RECORD EXTRACTS Block Start

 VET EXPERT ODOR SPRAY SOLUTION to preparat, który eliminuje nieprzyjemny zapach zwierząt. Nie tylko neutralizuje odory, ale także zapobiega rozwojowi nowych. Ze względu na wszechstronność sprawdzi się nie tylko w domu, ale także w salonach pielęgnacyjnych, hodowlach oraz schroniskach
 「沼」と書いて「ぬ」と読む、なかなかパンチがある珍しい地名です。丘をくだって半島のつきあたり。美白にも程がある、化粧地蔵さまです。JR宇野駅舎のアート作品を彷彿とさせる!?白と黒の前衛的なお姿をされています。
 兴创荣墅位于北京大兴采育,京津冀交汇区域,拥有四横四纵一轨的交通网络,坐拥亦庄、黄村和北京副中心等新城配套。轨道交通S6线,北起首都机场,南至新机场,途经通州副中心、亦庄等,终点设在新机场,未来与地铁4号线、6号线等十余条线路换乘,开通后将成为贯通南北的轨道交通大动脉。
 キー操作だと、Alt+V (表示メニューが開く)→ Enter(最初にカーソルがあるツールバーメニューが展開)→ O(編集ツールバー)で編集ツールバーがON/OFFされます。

RECORD EXTRACTS Block End
RECORD EXTRACTS Block Start

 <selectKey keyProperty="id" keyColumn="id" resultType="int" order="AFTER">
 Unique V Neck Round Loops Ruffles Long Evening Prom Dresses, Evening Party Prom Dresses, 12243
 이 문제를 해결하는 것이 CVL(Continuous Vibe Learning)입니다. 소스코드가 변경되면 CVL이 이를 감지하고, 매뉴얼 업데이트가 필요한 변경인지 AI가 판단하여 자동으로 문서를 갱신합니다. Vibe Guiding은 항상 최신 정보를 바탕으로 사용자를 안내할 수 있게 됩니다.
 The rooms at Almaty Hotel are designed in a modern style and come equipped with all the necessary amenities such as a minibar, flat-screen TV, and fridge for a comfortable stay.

RECORD EXTRACTS Block End

▶ **TASK GOAL**
Within the listing above, extract exactly the lines from the line with "VET EXPERT ODOR" to the line with "キー操作だと、Alt+V (表示メニューが開く)→ Enter(最初にカーソルがあるツールバーメニューが展開)→", the two named lines included, and no others.

▶ **EXPECTED ANSWER**
 VET EXPERT ODOR SPRAY SOLUTION to preparat, który eliminuje nieprzyjemny zapach zwierząt. Nie tylko neutralizuje odory, ale także zapobiega rozwojowi nowych. Ze względu na wszechstronność sprawdzi się nie tylko w domu, ale także w salonach pielęgnacyjnych, hodowlach oraz schroniskach
 「沼」と書いて「ぬ」と読む、なかなかパンチがある珍しい地名です。丘をくだって半島のつきあたり。美白にも程がある、化粧地蔵さまです。JR宇野駅舎のアート作品を彷彿とさせる!?白と黒の前衛的なお姿をされています。
 兴创荣墅位于北京大兴采育,京津冀交汇区域,拥有四横四纵一轨的交通网络,坐拥亦庄、黄村和北京副中心等新城配套。轨道交通S6线,北起首都机场,南至新机场,途经通州副中心、亦庄等,终点设在新机场,未来与地铁4号线、6号线等十余条线路换乘,开通后将成为贯通南北的轨道交通大动脉。
 キー操作だと、Alt+V (表示メニューが開く)→ Enter(最初にカーソルがあるツールバーメニューが展開)→ O(編集ツールバー)で編集ツールバーがON/OFFされます。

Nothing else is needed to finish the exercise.